Appendix C — Data sets
The data sets used in this book are listed below in alphabetical order.
coffee-ratings.csv: Aroma and flavor grades for 1338 coffees rated in 2018. These data are originally from the Coffee Quality Database and was featured as part of the TidyTuesday data visualization challenge in July 2020.
- This data set is analyzed in Chapter 6.
fivethirtyeight-voters-data.csv: Voting frequency, political party affiliation, and demographic information for 5836 adults in the United States. The data were collected through an online poll conducted by Ipsos and was analyzed in the FiveThirtyEight article “Why Many Americans Don’t Vote” (Thomson-DeVeaux, Mithani, and Bronner 2020). The final sample only includes adults who were eligible to vote for at least four election cycles at time the data were collected in 2020.
- This data set is analyzed Section 13.1 and Section 13.3.
gss24-ai.csv: Demographic information, political leanings, and comfort with driverless vehicles for 1521 adults in the United States. The data were collected in the 2024 General Social Survey administered by National Science Foundation and is administered by National Opinion Research Center (NORC) at the University of Chicago. The data were collected through a combination of online surveys and in-person interviews.
- This data set is analyzed in Chapter 11 and Chapter 12.
lemurs-repeated-measures.csv: Weight, age, and other characteristics for 248 lemurs living at the Duke Lemur Center at the time the data were collected. The data were originally analyzed in Zehr et al. (n.d.) and featured as part of the TidyTuesday data visualization challenge in August 2021. The data set includes the lemurs’ measurements from ages 1 to 24, so there can be multiple measurements for an individual lemur. There are 3715 total observations in the data.
- This data set is analyzed in Section 13.2.
lemurs-sample-young.csv: Weight, age, and other characteristics for 252 lemurs age 24 months or younger living at the Duke Lemur Center at the time the data were collected. The data were originally analyzed in Zehr et al. (n.d.) and featured as part of the TidyTuesday data visualization challenge in August 2021. There is one observation for each lemur.
life-expectancy-data.csv: Information about life expectancy, healthcare, and other societal factors for 140 countries. The data set was obtained from Zarulli et al. (2021) and includes data from the Human Development Database and the World Health Organization.
- This data set is analyzed in Chapter 1.
movie-scores.csv: Critics and audience scores on Rotten Tomatoes for 146 movies released 2014 - 2015. This data set is adapted from the
fandangodata frame in the fivethirtyeight R package (Kim, Ismay, and Chunn 2018).- This data set is analyzed in Chapter 4.

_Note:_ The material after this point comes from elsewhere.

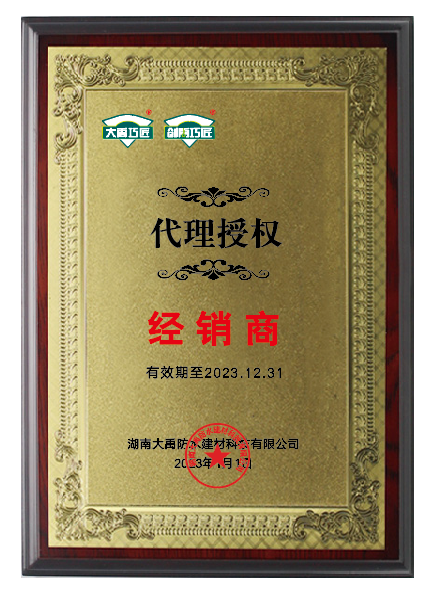 為了助力銷售渠道正規化,同時進一步協助經銷商門店進行推廣,打造線下門店在消費者心中專業、值得信賴的形象。大禹巧匠防水在正規的銷售渠道頒發了代理授權牌。

ncaa-basketball-DI-2023-2024.csv: Total expenditure on basketball programs and other features of 355 Division I NCAA colleges and universities in the 2023 - 2024 academic year. The data were collected from the Equity in Athletics Data Analysis (EADA) tool from the Office of Postsecondary Education in the United States Department of Education (ope.ed.gov/athletics).
- This data set is analyzed in Chapter 9 and Section 13.3.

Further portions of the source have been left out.